Vasco dice che canta con il sesso.
«È vero. E ha qualcosa da dire, soprattutto».
Si è sentito vecchio vicino a lei?
«Macché. Semmai sono il fratello minore: ha una maturità fuori dal comune, per una 19enne».
Nel testo di Proibito c’è un uomo che si rivolge ad un altro uomo: che significato ha?
«È una riflessione che faccio sull’amore, in senso universale».
Perché parla al maschile?
«Volevo raccontare una delle storie d’amore dei giorni nostri.
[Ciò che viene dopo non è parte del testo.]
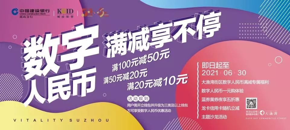 2021年第二季度,大渔湾联动中国建设银行,启动了数字人民币的消费试点应用场景,实现全街区经营户,加速了数字人民币应用“飞入寻常百姓家”,提升了市民认知度。

Parlo anche di come la mia generazione vive i rapporti, di come una relazione dovrebbe essere scambio, rispetto e comprensione, più che rientrare in canoni e schemi».
A chi è dedicata Luce?
«A mia madre. Sembrerò il classico italiano, ma devo tutto a lei. In studio, quando l’abbiamo registrata, eravamo in 14. Se non ci crede le faccio vedere il video».
È vero che sarà ospite fisso al Festival di Sanremo, a febbraio?
«La proposta non mi è ancora arrivata. Io, comunque, non escluderei di tornarci anche in gara, nonostante lo abbia vinto già: resta un palco speciale».
Sta dicendo che ci sarà?
«No. Il disco è già uscito. E poi a febbraio sarò impegnatissimo. Il progetto Materia prevede altri due album».
Quando usciranno?
«Bella domanda. Sto facendo impazzire tutti, dai discografici all’ufficio stampa. Intanto li ho avvisati, poi si vedrà».
Come porterà il suono da club di Materia (Terra) a San Siro e all’Olimpico di Roma, dove si esibirà il 19 e 22 giugno 2022?
«Ricreerò il club nello stadio. Sul palco racconterò la mia maturità artistica. Mi sento pronto».